Restate word for word the lines of the listing below, from its first line through the line with "从2014年至今,其已为广州", without the pictures.

■ Data provided:

------

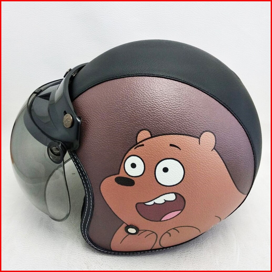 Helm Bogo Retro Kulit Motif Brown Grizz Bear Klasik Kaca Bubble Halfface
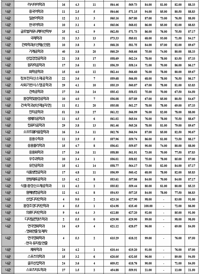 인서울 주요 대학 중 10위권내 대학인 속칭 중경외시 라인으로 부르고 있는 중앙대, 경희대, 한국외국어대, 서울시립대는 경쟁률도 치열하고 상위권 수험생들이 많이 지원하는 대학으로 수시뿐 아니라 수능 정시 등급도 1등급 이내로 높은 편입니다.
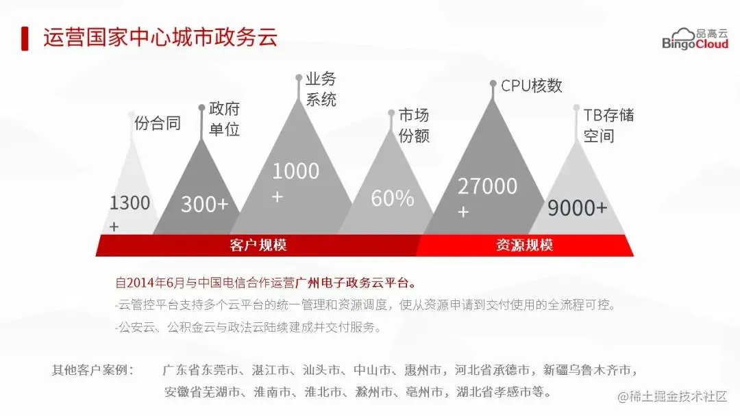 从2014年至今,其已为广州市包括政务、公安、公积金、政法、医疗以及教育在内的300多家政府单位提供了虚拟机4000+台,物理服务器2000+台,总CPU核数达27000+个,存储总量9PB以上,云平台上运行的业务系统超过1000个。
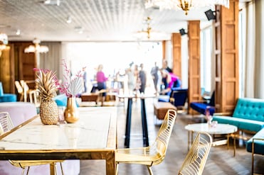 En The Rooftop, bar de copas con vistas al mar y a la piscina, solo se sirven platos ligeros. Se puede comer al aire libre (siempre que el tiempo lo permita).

------

■ Task answer:
 Helm Bogo Retro Kulit Motif Brown Grizz Bear Klasik Kaca Bubble Halfface
 인서울 주요 대학 중 10위권내 대학인 속칭 중경외시 라인으로 부르고 있는 중앙대, 경희대, 한국외국어대, 서울시립대는 경쟁률도 치열하고 상위권 수험생들이 많이 지원하는 대학으로 수시뿐 아니라 수능 정시 등급도 1등급 이내로 높은 편입니다.
 从2014年至今,其已为广州市包括政务、公安、公积金、政法、医疗以及教育在内的300多家政府单位提供了虚拟机4000+台,物理服务器2000+台,总CPU核数达27000+个,存储总量9PB以上,云平台上运行的业务系统超过1000个。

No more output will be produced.